An advanced CFD (computational fluid dynamics) model has been developed to describe the combustion of wood pellets. It is based on a packed-bed approach and provides a realistic description of the combustion of pellets, resolved in 3D over the whole fuel bed. It considers the properties of the packed bed rather than the properties of the single fuel particles. Compared to a particle-based description, simulation times are shorter due to the reduced complexity. In the model, the local conditions in different parts of the fuel bed (temperatures, flow conditions, oxygen concentrations …) influence the various stages of the combustion process (drying, pyrolysis, charcoal gasification and combustion). The compaction of the fuel bed due to shrinkage of the fuel particles during conversion and the loss of the particle structure shortly before the conversion is complete are also included in the description.
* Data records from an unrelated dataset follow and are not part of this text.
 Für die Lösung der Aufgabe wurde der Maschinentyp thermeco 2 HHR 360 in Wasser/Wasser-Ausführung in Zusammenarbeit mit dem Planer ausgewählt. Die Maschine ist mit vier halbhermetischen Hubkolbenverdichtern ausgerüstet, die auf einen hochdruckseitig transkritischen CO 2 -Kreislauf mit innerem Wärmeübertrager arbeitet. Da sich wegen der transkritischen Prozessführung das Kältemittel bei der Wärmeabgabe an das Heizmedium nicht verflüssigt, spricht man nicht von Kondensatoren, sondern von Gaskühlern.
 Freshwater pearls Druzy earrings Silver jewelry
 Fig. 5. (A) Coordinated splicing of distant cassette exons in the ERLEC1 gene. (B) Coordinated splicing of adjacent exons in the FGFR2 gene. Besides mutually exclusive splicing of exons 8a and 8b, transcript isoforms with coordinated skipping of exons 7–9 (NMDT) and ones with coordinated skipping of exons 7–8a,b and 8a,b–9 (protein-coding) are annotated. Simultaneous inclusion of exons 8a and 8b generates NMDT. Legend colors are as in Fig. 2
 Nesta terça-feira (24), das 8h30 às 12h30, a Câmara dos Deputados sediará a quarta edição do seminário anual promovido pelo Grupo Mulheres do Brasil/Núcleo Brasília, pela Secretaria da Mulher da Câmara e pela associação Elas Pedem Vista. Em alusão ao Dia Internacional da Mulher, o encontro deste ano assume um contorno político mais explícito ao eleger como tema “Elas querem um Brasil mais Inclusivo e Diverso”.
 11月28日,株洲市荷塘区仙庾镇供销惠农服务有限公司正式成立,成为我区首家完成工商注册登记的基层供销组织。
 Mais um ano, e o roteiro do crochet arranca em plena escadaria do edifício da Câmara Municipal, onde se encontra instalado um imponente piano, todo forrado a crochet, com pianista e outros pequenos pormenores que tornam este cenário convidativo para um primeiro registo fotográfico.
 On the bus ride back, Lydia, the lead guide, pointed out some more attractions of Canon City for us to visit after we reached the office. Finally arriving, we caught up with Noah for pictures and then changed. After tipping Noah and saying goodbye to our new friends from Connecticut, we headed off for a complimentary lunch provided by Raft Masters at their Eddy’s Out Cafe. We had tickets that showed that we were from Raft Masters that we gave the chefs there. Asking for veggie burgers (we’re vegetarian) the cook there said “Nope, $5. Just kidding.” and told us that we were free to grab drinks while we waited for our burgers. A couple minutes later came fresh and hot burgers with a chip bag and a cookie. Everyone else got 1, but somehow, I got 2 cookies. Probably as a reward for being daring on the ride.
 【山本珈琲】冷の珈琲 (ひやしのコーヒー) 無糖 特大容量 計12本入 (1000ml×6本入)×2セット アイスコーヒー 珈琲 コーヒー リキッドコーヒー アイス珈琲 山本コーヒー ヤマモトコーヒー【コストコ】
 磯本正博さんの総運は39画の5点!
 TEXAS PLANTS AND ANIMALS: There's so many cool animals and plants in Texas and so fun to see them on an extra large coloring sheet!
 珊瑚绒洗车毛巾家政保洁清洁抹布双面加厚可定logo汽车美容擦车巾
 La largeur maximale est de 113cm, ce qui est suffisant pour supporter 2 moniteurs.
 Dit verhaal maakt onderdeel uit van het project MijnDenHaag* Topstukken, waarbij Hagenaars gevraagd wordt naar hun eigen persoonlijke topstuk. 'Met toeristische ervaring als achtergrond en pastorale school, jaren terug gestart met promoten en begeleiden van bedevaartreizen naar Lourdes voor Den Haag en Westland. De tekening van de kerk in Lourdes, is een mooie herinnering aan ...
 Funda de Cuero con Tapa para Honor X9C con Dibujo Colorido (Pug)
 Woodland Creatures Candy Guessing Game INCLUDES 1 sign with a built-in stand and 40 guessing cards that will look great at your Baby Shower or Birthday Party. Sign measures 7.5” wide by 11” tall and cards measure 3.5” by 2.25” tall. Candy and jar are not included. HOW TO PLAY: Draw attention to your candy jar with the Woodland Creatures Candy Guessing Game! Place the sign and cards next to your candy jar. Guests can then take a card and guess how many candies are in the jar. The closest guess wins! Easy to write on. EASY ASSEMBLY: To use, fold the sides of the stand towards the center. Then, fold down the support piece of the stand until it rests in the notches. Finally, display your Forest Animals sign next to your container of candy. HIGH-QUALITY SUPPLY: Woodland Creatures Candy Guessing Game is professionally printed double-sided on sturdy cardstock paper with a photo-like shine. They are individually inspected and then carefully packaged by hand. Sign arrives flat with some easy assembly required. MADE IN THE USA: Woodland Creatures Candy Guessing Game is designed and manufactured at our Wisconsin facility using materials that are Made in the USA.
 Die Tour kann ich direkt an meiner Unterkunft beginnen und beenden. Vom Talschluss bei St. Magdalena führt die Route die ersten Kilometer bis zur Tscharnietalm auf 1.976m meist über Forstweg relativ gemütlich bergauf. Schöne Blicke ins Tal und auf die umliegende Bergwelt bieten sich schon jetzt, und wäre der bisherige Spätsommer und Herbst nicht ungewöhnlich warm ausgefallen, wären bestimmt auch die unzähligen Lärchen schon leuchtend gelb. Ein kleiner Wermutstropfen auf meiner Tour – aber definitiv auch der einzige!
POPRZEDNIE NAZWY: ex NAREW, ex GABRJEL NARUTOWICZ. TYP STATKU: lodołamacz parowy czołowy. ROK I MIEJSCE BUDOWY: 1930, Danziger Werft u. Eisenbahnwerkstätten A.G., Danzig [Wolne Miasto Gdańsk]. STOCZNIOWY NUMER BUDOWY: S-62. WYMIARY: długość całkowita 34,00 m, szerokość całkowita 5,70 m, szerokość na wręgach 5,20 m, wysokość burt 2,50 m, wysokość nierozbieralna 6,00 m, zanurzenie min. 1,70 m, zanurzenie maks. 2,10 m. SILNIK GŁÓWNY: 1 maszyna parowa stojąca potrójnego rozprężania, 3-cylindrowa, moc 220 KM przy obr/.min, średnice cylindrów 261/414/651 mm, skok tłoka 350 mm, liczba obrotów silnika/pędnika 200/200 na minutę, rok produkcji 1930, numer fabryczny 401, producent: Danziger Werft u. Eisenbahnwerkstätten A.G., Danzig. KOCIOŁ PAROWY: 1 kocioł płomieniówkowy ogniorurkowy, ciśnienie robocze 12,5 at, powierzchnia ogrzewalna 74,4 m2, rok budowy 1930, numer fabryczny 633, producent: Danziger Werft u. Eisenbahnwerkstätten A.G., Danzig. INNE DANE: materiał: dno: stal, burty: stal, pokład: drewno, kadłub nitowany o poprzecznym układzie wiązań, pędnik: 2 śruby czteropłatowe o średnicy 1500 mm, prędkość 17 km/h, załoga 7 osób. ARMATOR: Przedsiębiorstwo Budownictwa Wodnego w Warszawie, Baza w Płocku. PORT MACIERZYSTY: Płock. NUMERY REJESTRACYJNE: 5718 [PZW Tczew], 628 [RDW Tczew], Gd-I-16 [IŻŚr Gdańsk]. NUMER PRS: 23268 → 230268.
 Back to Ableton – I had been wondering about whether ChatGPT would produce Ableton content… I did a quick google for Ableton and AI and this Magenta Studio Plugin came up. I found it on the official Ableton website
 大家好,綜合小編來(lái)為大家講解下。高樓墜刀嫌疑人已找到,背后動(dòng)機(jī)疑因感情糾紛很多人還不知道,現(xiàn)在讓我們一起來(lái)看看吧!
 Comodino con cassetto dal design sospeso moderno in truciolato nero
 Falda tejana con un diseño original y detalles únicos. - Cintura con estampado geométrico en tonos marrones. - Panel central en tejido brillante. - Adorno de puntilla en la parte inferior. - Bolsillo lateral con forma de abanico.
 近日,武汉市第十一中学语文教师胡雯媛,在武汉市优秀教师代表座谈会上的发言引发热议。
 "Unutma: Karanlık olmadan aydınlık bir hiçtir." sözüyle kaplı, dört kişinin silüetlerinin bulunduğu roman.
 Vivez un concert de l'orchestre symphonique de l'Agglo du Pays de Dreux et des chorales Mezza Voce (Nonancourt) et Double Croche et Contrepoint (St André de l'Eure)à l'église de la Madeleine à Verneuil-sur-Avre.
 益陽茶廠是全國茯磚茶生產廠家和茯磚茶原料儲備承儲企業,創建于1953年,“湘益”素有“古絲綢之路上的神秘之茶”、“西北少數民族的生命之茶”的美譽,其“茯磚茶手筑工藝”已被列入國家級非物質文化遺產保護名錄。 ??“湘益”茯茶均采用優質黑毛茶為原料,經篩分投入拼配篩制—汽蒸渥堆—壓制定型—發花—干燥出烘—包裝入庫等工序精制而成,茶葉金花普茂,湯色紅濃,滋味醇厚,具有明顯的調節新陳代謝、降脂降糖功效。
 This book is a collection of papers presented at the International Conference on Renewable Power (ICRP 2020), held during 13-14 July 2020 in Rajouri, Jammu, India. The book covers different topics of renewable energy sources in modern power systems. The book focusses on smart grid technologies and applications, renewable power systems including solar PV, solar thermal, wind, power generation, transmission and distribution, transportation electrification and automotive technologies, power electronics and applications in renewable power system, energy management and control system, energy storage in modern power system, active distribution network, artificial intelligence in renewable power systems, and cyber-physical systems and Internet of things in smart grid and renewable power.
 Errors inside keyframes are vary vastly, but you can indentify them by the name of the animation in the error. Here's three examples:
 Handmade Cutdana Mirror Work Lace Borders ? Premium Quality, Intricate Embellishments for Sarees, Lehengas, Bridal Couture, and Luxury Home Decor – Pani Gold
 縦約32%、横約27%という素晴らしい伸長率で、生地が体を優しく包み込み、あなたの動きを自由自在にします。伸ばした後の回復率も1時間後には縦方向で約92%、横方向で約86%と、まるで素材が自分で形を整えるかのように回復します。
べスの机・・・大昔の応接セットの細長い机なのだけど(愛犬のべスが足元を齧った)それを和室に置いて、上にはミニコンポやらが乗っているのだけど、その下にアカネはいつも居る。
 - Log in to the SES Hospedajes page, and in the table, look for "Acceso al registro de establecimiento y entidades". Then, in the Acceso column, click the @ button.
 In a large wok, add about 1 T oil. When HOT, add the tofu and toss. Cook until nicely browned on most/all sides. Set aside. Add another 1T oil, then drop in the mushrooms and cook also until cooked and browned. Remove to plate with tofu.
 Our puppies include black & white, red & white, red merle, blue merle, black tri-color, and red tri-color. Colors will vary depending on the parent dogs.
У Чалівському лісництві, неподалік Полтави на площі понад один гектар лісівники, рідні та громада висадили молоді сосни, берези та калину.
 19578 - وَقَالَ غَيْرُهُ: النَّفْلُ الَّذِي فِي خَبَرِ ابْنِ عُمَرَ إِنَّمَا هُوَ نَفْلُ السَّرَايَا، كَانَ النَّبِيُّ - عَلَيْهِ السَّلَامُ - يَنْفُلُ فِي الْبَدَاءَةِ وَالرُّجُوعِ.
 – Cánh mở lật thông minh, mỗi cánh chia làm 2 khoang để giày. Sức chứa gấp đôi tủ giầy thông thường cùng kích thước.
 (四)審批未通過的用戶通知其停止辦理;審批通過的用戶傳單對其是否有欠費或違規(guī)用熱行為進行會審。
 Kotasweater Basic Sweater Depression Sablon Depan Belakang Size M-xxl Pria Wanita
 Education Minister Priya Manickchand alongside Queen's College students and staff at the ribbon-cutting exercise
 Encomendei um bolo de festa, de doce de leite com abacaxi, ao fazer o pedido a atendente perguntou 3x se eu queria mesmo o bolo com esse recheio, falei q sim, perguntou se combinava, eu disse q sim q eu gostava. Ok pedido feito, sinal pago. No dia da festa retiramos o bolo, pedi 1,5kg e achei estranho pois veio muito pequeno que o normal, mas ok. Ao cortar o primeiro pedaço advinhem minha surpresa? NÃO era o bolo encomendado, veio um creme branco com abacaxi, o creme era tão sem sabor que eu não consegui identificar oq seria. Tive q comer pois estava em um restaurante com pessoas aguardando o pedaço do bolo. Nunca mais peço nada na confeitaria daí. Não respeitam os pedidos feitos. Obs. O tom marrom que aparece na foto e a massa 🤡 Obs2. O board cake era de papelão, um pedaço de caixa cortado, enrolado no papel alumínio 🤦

The formulation of the bed compaction, the radiation absorption model and the charcoal conversion reactions have been specifically tuned to the combustion of wood pellets. The detailed pyrolysis model includes not only the main components, but also higher hydrocarbon species and tars in a manner specific to the fuel considered. It has been combined with a chemical gas phase mechanism which is a reduction of a detailed mechanism developed for thermo-chemical biomass conversion. The model has been validated against measurement data from a lab-scale batch reactor, and then applied to simulate the fuel bed of a commercial pellet stove. The simulation results are in good agreement with the corresponding measurements.